◆ Exercise
How do the lines read from the one holding "Kayseri Şehir Hastanesi" through the last line of the listing? Set them down exactly, pictures omitted.

◆ Information shown
####

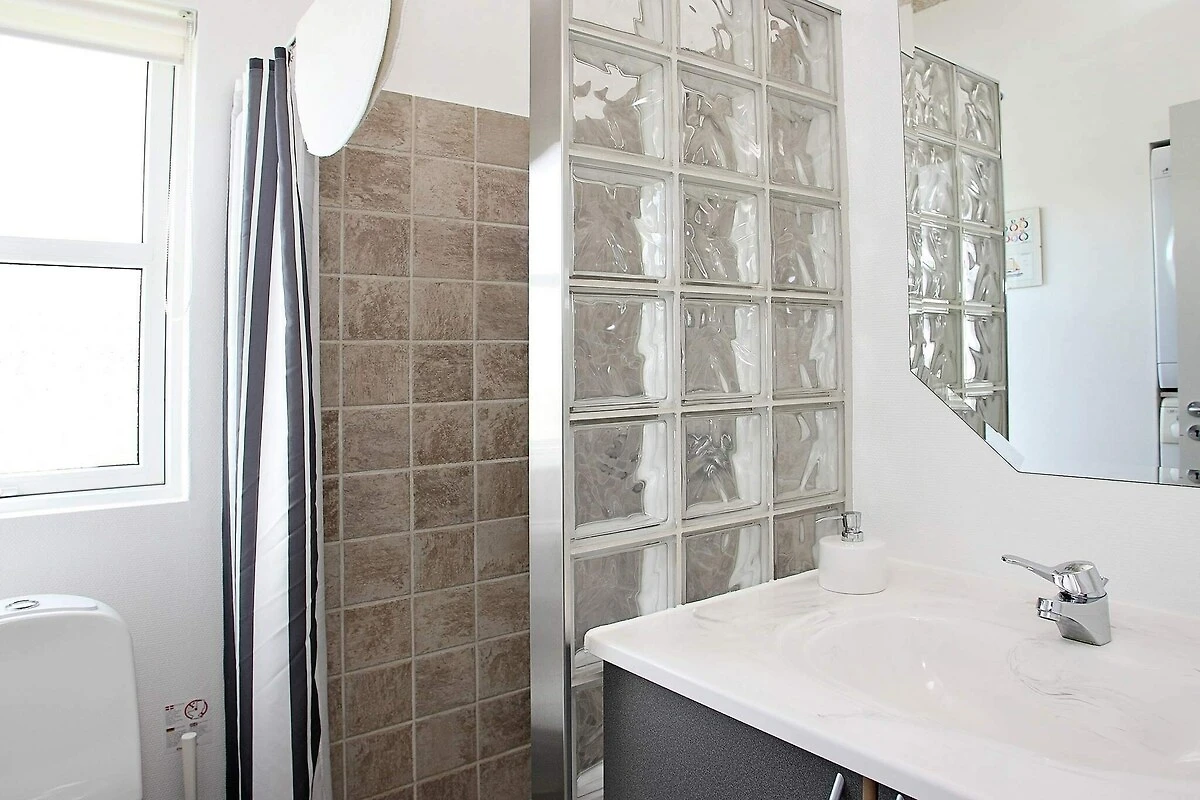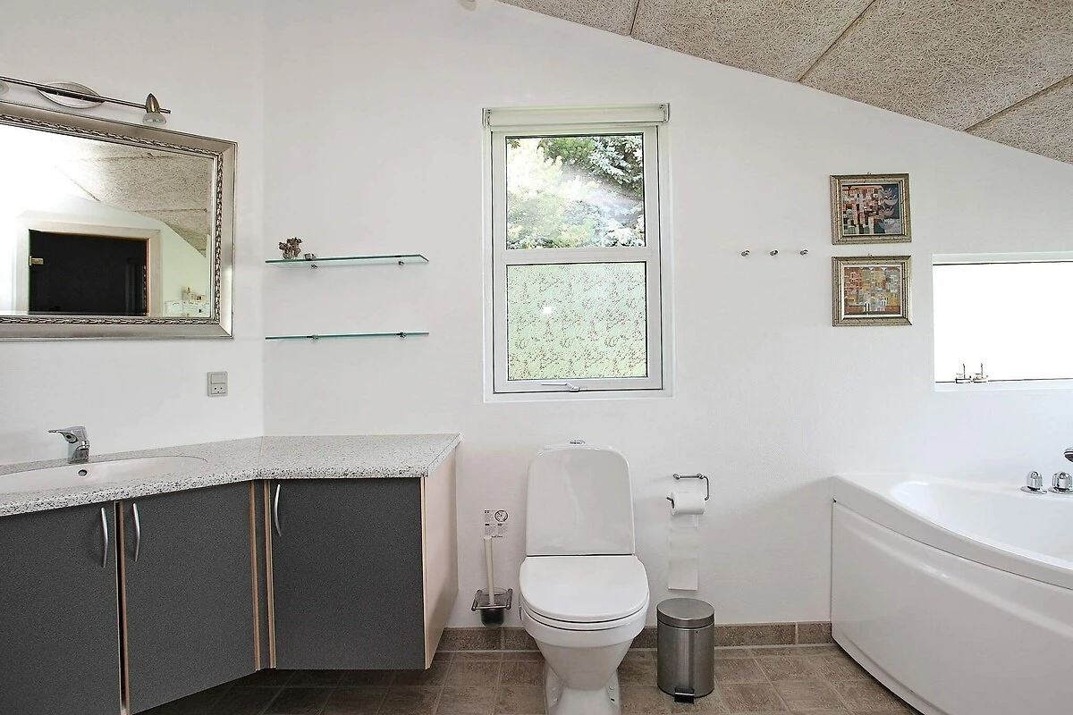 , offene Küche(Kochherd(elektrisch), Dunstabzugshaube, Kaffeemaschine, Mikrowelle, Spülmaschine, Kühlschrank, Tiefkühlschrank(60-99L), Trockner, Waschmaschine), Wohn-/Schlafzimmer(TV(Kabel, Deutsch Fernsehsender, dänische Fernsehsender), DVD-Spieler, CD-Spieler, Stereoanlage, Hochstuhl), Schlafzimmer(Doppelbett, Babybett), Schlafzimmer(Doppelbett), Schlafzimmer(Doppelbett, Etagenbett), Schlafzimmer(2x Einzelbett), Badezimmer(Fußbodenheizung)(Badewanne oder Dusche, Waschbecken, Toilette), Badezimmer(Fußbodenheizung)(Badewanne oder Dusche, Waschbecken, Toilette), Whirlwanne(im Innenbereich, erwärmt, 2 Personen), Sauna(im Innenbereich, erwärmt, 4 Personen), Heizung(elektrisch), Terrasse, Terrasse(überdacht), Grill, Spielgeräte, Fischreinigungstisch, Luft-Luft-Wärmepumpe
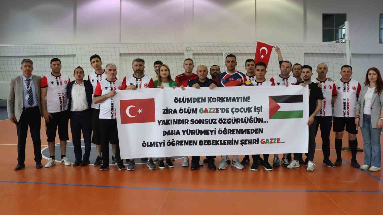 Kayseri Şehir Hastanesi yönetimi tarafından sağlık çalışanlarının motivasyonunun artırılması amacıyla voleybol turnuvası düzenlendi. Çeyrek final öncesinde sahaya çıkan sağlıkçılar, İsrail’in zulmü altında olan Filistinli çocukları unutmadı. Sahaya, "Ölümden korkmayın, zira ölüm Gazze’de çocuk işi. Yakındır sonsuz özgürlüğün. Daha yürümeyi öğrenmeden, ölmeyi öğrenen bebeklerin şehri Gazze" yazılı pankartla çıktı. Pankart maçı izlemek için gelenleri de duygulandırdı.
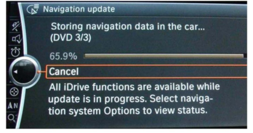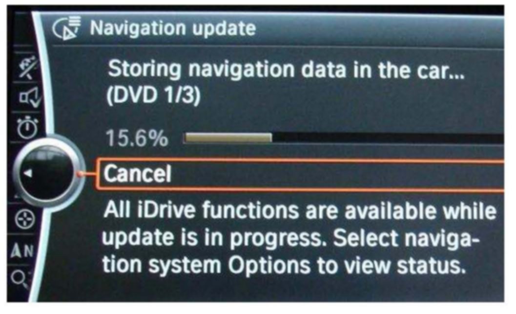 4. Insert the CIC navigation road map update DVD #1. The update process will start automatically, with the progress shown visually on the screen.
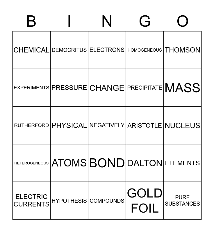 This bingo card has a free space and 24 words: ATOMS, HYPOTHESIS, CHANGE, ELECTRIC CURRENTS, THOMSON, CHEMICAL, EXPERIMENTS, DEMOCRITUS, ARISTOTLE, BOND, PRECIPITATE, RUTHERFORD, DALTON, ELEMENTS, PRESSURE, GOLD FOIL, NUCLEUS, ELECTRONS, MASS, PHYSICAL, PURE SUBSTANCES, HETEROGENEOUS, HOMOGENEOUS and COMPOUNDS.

####

◆ Output of the task
 Kayseri Şehir Hastanesi yönetimi tarafından sağlık çalışanlarının motivasyonunun artırılması amacıyla voleybol turnuvası düzenlendi. Çeyrek final öncesinde sahaya çıkan sağlıkçılar, İsrail’in zulmü altında olan Filistinli çocukları unutmadı. Sahaya, "Ölümden korkmayın, zira ölüm Gazze’de çocuk işi. Yakındır sonsuz özgürlüğün. Daha yürümeyi öğrenmeden, ölmeyi öğrenen bebeklerin şehri Gazze" yazılı pankartla çıktı. Pankart maçı izlemek için gelenleri de duygulandırdı.
 4. Insert the CIC navigation road map update DVD #1. The update process will start automatically, with the progress shown visually on the screen.
 This bingo card has a free space and 24 words: ATOMS, HYPOTHESIS, CHANGE, ELECTRIC CURRENTS, THOMSON, CHEMICAL, EXPERIMENTS, DEMOCRITUS, ARISTOTLE, BOND, PRECIPITATE, RUTHERFORD, DALTON, ELEMENTS, PRESSURE, GOLD FOIL, NUCLEUS, ELECTRONS, MASS, PHYSICAL, PURE SUBSTANCES, HETEROGENEOUS, HOMOGENEOUS and COMPOUNDS.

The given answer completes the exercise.